**Work order**
Leave out the pictures and retype, exactly, the lines below from the line with "MissNina Women's Long" up to and including the line with "Overnight potty-training routines", nothing more.
START Input material
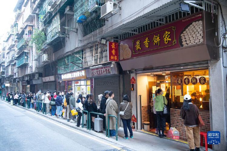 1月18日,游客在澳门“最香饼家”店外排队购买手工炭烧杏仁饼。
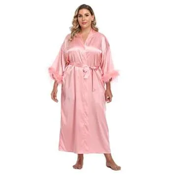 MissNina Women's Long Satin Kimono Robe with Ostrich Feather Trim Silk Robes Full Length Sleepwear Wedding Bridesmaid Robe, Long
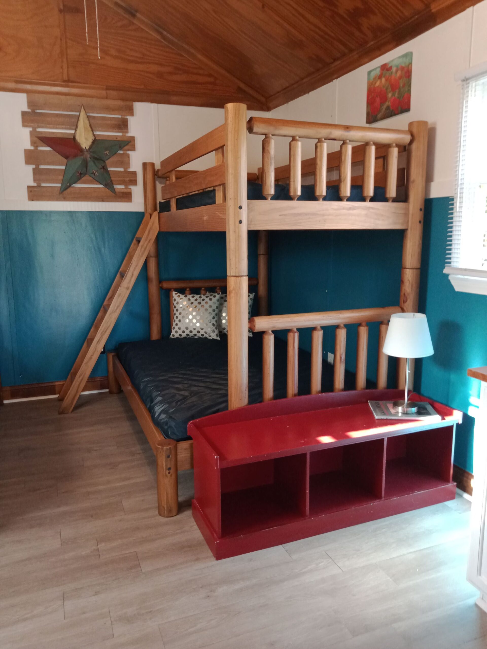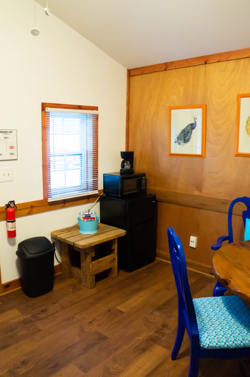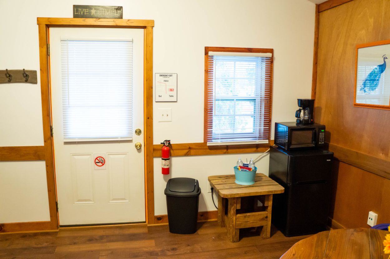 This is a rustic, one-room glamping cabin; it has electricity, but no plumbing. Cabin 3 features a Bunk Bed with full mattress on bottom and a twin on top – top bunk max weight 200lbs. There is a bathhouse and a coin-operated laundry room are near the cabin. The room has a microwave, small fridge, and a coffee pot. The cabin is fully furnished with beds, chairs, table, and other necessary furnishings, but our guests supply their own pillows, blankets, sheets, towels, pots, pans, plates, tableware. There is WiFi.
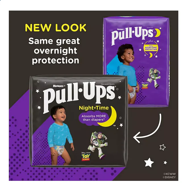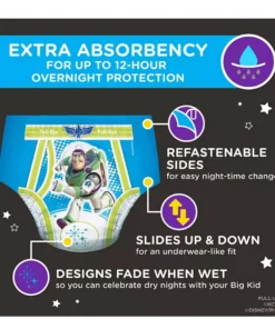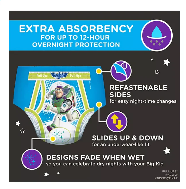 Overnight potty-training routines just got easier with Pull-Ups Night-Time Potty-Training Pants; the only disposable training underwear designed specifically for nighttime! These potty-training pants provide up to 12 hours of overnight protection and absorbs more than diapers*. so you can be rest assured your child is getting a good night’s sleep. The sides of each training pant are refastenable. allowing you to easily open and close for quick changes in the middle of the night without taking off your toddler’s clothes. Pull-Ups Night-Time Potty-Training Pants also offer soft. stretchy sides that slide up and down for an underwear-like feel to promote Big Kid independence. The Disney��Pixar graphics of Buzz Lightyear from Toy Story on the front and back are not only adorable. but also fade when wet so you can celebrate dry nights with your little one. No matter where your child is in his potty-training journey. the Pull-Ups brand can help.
END Input material
START Input material
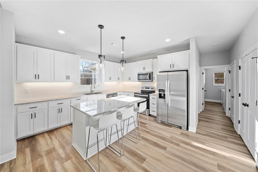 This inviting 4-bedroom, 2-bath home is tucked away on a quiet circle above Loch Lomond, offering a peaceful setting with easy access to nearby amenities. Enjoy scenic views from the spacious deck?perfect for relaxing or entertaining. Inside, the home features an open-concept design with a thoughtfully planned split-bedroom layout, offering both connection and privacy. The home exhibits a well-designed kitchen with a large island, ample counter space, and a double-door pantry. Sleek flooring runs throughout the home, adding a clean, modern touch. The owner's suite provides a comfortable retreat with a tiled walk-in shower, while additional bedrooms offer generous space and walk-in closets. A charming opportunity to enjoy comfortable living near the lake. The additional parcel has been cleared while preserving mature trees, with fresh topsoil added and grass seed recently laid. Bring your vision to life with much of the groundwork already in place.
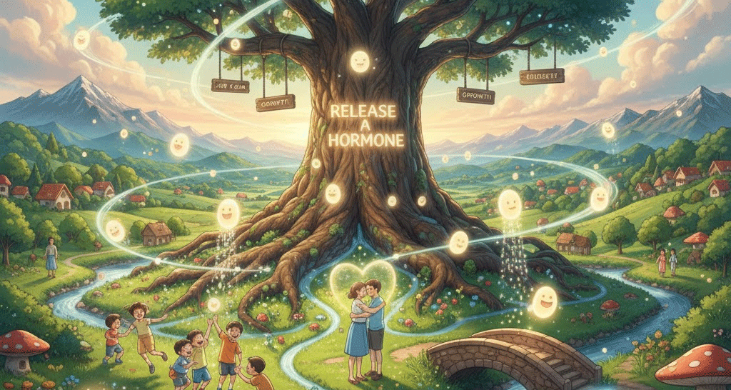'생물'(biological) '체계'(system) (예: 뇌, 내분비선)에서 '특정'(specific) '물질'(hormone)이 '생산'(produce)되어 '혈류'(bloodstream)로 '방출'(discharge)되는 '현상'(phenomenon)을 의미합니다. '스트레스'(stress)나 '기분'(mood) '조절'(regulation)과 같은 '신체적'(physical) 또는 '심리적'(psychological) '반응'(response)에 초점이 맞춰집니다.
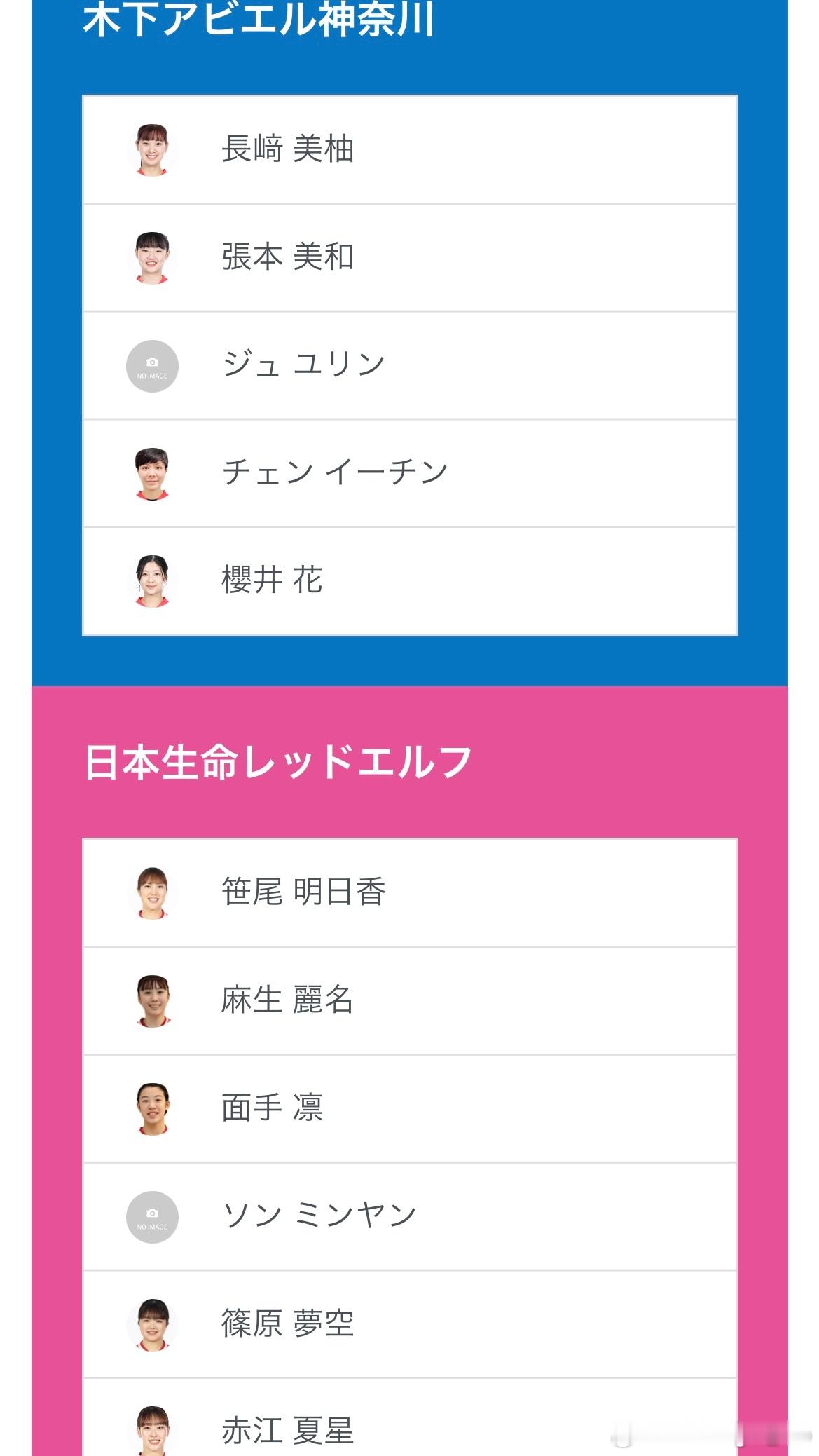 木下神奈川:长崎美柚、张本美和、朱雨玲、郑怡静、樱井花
END Input material
**Task output**
 MissNina Women's Long Satin Kimono Robe with Ostrich Feather Trim Silk Robes Full Length Sleepwear Wedding Bridesmaid Robe, Long
 This is a rustic, one-room glamping cabin; it has electricity, but no plumbing. Cabin 3 features a Bunk Bed with full mattress on bottom and a twin on top – top bunk max weight 200lbs. There is a bathhouse and a coin-operated laundry room are near the cabin. The room has a microwave, small fridge, and a coffee pot. The cabin is fully furnished with beds, chairs, table, and other necessary furnishings, but our guests supply their own pillows, blankets, sheets, towels, pots, pans, plates, tableware. There is WiFi.
 Overnight potty-training routines just got easier with Pull-Ups Night-Time Potty-Training Pants; the only disposable training underwear designed specifically for nighttime! These potty-training pants provide up to 12 hours of overnight protection and absorbs more than diapers*. so you can be rest assured your child is getting a good night’s sleep. The sides of each training pant are refastenable. allowing you to easily open and close for quick changes in the middle of the night without taking off your toddler’s clothes. Pull-Ups Night-Time Potty-Training Pants also offer soft. stretchy sides that slide up and down for an underwear-like feel to promote Big Kid independence. The Disney��Pixar graphics of Buzz Lightyear from Toy Story on the front and back are not only adorable. but also fade when wet so you can celebrate dry nights with your little one. No matter where your child is in his potty-training journey. the Pull-Ups brand can help.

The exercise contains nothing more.